Let $t \in B(H)$ be a positive operator. Let $E$ be the unique spectral measure relative to $(\sigma(t), H)$ such that
$$t = \int \lambda d E(\lambda)$$
(see e.g. Murphy theorem 2.5.6). Recall that $E_{\xi, \eta}$ is by definition a regular Borel measure defined by $E_{\xi, \eta}(S) = \langle E(S)\xi, \eta\rangle$ and that
$$\left\langle \left(\int f(\lambda) dE(\lambda)\right) \xi, \eta\right\rangle = \int_{\sigma(t)} f(\lambda) d E_{\xi, \eta}(\lambda).$$
In the proof of lemma 1.5 (p62) in Takesaki's book "Theory of operator algebra I", the following is claimed:
If $\epsilon > 0$ and $E(\epsilon):= \int \chi_{[0, \epsilon]}(\lambda)dE(\lambda)$, then
$$\langle t\xi, \xi\rangle \ge \epsilon \|\xi\|^2$$
for every $\xi \in \operatorname{Im}(1-E(\epsilon))$.
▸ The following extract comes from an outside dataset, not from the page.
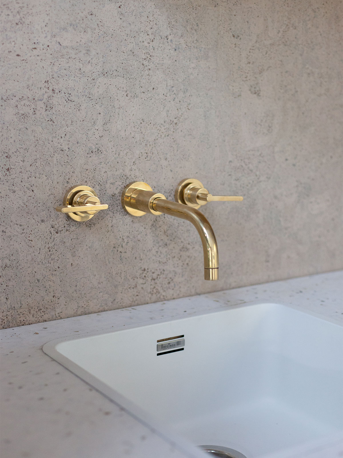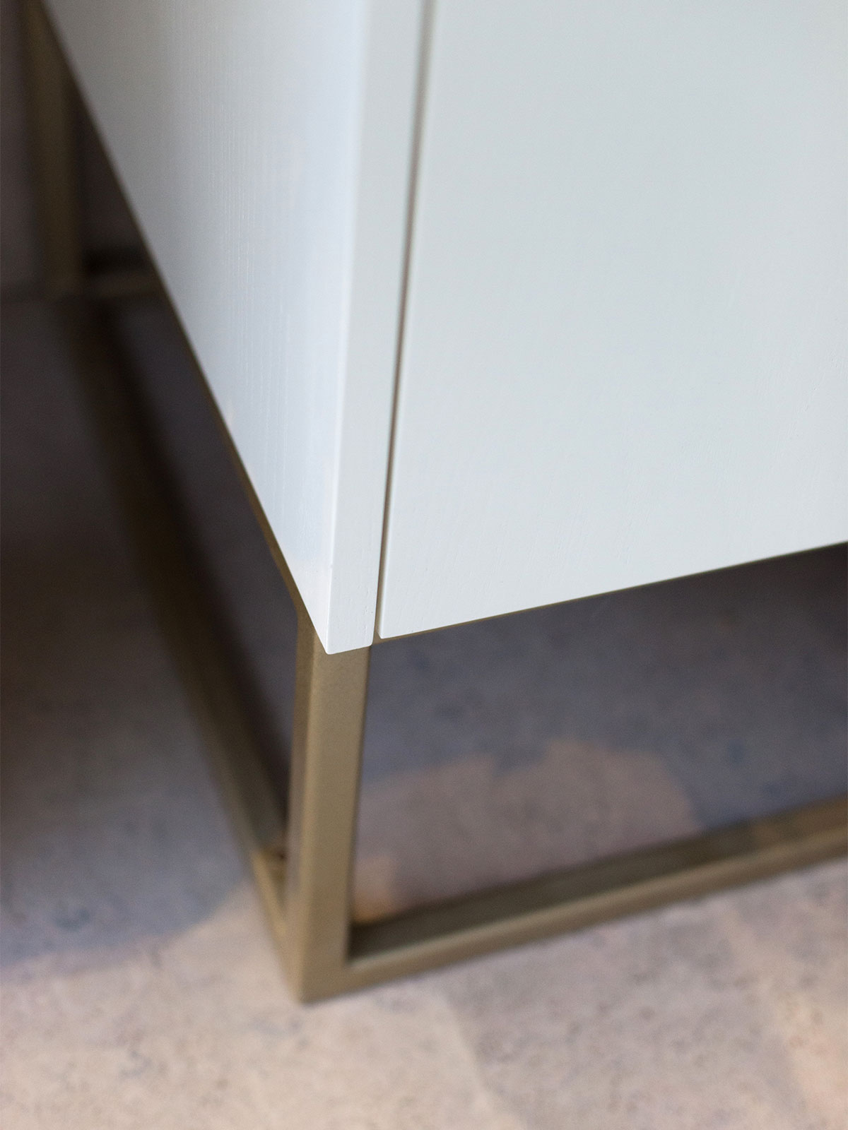 Gold leg detail of bespoke Naked Kitchen, designed by 2LG Studio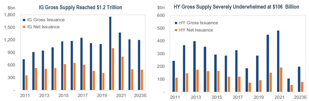 • Supply should reach similar levels in 2023. Expectations are for supply to be in line with 2022, with a slight decrease in net issuance. M&A supply should be a relatively small portion of overall volume as less deal activity is expected next year.

I want to verify that my proof is correct, and thus verify that my understanding of the spectral integral is correct.
Given $\xi \in H$, we have using the fact that $E(\epsilon)$ and $t$ commute and $1-E(\epsilon)$ is a projection:
\begin{align*}\langle t(1-E(\epsilon))\xi, (1-E(\epsilon))\xi\rangle &= \langle t(1-E(\epsilon))\xi, \xi\rangle\\
&= \left\langle\left( \int\chi_{]\epsilon, \infty[\cap \sigma(t)}(\lambda) \lambda dE(\lambda)\right)\xi, \xi\right\rangle\\
&= \int_{]\epsilon, \infty[\cap \sigma(t)} \lambda dE_{\xi, \xi}(\lambda)\\
&\ge \epsilon \int_{\sigma(t)}dE_{\xi, \xi}(\lambda) \\
&= \epsilon E_{\xi, \xi}(\sigma(t))\\
&= \epsilon \|\xi\|^2\end{align*}
Hence, if $\xi \in \operatorname{Im}(1-E(\epsilon))$, we get
\begin{align}\langle t\xi, \xi\rangle &= \langle t (1-E(\epsilon))\xi, (1-E(\epsilon))\xi\rangle \ge \epsilon \|\xi\|^2\end{align}
as desired.
Is this correct? Please spare no criticism.
Best Answer
Yes, that's the standard way to do it. The only thing I would mention (or ask you to clarify, if I were evaluating you) is when you write $$ t\,(1-E(\epsilon))=\int_{\sigma(t)}\chi^{\phantom{A}}_{(\epsilon,\infty)}\,\lambda\,dE(\lambda) $$ you are using the extremely important fact that the map $$f\longmapsto\int_{\sigma(t)}f(\lambda)\,dE(\lambda)$$ is a $*$-homomorphism. One is used to integrals being linear, but being multiplicative is a very particular property that depends on the fact that $E$ is projection-valued.